Камлаев перекинул через подоконник вторую ногу и спрыгнул. Упруго прошелся по комнате.
— Ветер не гоняй, — приказал отец. — Сядь.
— Ну, как ты тут живешь? Чем тебя тут докторишки мучают? — спросил Камлаев все тем же неуместно напористым и зычным голосом, рывком пододвигая к себе стул и усаживаясь на него задом наперед.
— Обследуют, — отвечал отец, недовольно сморщившись, и опять Камлаев восхитился мгновенному узнаванию, так присуща, так свойственна была вот эта гримаса настоящему, прежнему отцу, — Всю кровь уже выпустили, живодеры. Бьюсь тут с ними смертным боем.
— А чего ты бьешься-то?
— Эскулапы эти безграмотные меня, похоже, в подопытные крысы записали. Говорят, к операции нужно готовиться, только хрена им лысого, а не операцию! Что хотят пусть делают, а в паху я им ковыряться не дам. В инвалида меня вздумали превратить, козлы?! К койке приконопатить? Говорю им, колите мне что хотите, вливайте, что только можете, только органов не смейте трогать — я вам не тряпичная кукла. А не можете поставить на ноги, так обойдемся без вашей гребаной помощи.
— Ну, а что они говорят-то? В чем смысл операции? Ты мне-то расскажи. Может, без этого вмешательства никак?
— Ты прямо как эти докторишки рассуждаешь. «Никак», «необходимость». Им бы только дай живого человека покромсать, вот и вся необходимость. Я эту породу давно, досконально знаю. Я когда на заводе работал… тебя еще тогда и в планах не было… у меня рука между зубцами угодила, ну и сломалась натурально поперек. Ну, нагноение на кости. Привели меня в больницу, и вот такой же врачишка, сущий сопляк, на губах молоко не обсохло, приходит и говорит: ничего не поделаешь, будем руку у вас отнимать. А иначе, мол, никак. Врачебная необходимость. Так я его за шкирку взял и говорю: а не пошел бы ты, сучонок, на хрен, я посмотрю, как ты сначала брату своему родному руку отхватишь, а потом и поглядим. А он мне, врачишка этот, и кричит: в таком случае я ни за что не отвечаю. Ну, и что же ты думаешь? Вот! — Отец вздернул вверх левую руку. — Срослась, как милая, все на место встало. И вот ее они у меня собирались отхватить. А ты говоришь! Знаешь, их сколько тут? Пятнадцать здоровущих лбов, и среди них три профессора… И вот они сейчас сидят там всем консилиумом и выбирают для меня схему лечения. Резать — мать их! — или не резать. Резекция, мать их за ногу. Ты знаешь, что такое резекция, Матвейка? Ты вроде голова, ты должен это знать. Резекция — это отсечение, вот так вот, брат. Что за мир, что за люди — ни одного названия в простоте, ну, ничего своими именами не назовут.

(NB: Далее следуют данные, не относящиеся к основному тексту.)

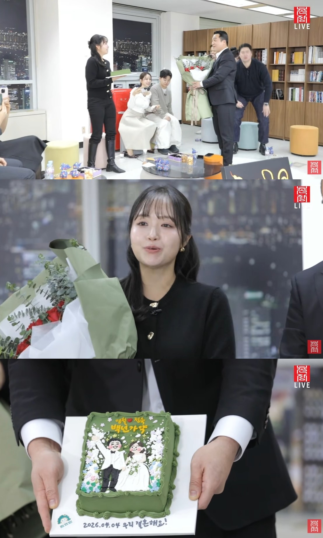 프러포즈 이벤트와 함께 공개된 주문제작 케이크 또한 눈길을 끌었다. 청첩장을 모티브로 제작된 케이크는 두 사람이 결혼을 앞둔 예비부부라는 점을 실감케 했고, 디테일한 디자인으로 로맨틱한 분위기를 배가시켰다.
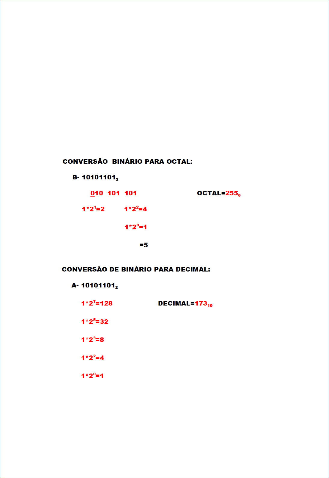 Atividades Extra – Conversão Numérica Olá Alunos, Antes de começarmos a resolver os exercícios, é importante estudar o capítulo II que trata da conversão binária. Além disso, lembre de assistir nossa Segunda aula conceitual que exemplifica algumas conversões que irão auxiliá-los nestes exercícios. Porém antes de iniciarmos os exercícios, disponibilizamos abaixo alguns exemplos de conversão. Leiam com atenção e verifiquem corretamente como foi feito cada passo para conversão dos números. Vamos começar? Segue abaixo alguns exemplos: Agora que observamos estes exemplos, vamos praticar? Abaixo segue uma vasta lista de exercícios, onde daremos uma semana de prazo para sua realização e pratica. Após esse prazo, iremos disponibilizar no material extra as respostas destes exercícios. OBS: Lembramos que esta lista de exercício NÃO vale nota para a disciplina. Vamos para a lista: 1 – Converta os seguintes números para a base decimal. a) 102 b) 648 c) 12116 d) 12C16 e) 5128 f) FFF16 g) 111110000111102 h) 778 i) 11111111112 2 – Converta os seguintes números para as bases binárias, octal e hexadecimal. a)1010 b) 6410 c) 12110 d) 125510 e) 51210 f) 49710 3 – Converta os Seguintes números para as bases indicadas. 4 – Analise os problemas abaixo e resolva as conversões. 5) Converta para a base decimal: a) 1010102 b)10108 c) 10218 d) 10258 e) 21658 f) 1FA216 g) E1A16 h) 7078 6) Converta para a base binária: a) 7210 b) 12710 c) 3510 d) 2310 e) 16510 f) 4010 g) 2210 h) 1410 7) Converta para a base decimal: a) 1000012 b) 110112 c) 11001002 d) 100000002 e) 110010112 f) 101100012 g) 101100012 h) 1001100002 8) Converta para a base octal a) 56710 b) 98310 c) 102010 d) 6510 e) 68010 f) 10510 g) 29410 h) 67910 9) Converta para a base Hexadecimal a) 56710 b) 98310 c) 102010 d) 6510 e) 68010 f) 10510 g) 29410 h) 67910 10) Converta para a base Octal os seguintes números em base Hexadecimal: a) F516 b) AB716 c) 98A16 d) F1E216 e) E22916 f) 13516 g) 71016 h) CE116 11) Converta para a base Binária os seguintes números em base Octal: a) 33658 b) 7528 c) 6258 d) 137038 e) 671058 f) 20048 g) 3218 h) 76548 12) Converta para a base Octal os seguintes números em base Binária: a) 11101012 b) 111100112 c) 10100111001011101110002 d) 1111011102 e) 101010101010102 f) 1111010010102 g) 1101000102 h) 101111100112 13) Converta para a base Hexadecimal os seguintes números em base Binária: a) 11001010010110102 b) 11111010110010102 c) 110100000001110110102 d) 11101101000100012 e) 1001101010111100110111102 f) 100100011010001012 g) 11001111000100110102 h) 10110000110010102 image2.emf image3.emf image4.emf image5.emf image6.emf image7.emf image8.png image9.png image10.png image11.png image12.png image1.emf

— И ничего другого сделать нельзя?
— Говорят, что нельзя, козлы.
— Ну, и чего ты надумал?
— Тошно, тошно мне от этого всего. От склянок этих, от банок, от стоек с капельницами. Карасем себя чувствуешь, пойманным на крючок. Стыдно, понимаешь, до тошноты стыдно. Не могу я этого лечения переносить, физически не могу. Оно меня еще раньше доконает, чем любая болезнь.
Камлаев, кажется, понимал. Отец не испытывал ничего, кроме злости на то, что человека можно так унижать. Отец боялся превратиться в безжизненную жалкую куклу на пластиковой ниточке катетера, превратиться в инвалида — вот на что он не мог пойти, вот чего он не мог принять. Мысль о том, что его, сильного, здорового мужчину, однажды увидят жалким, беспомощным, была для отца несносна.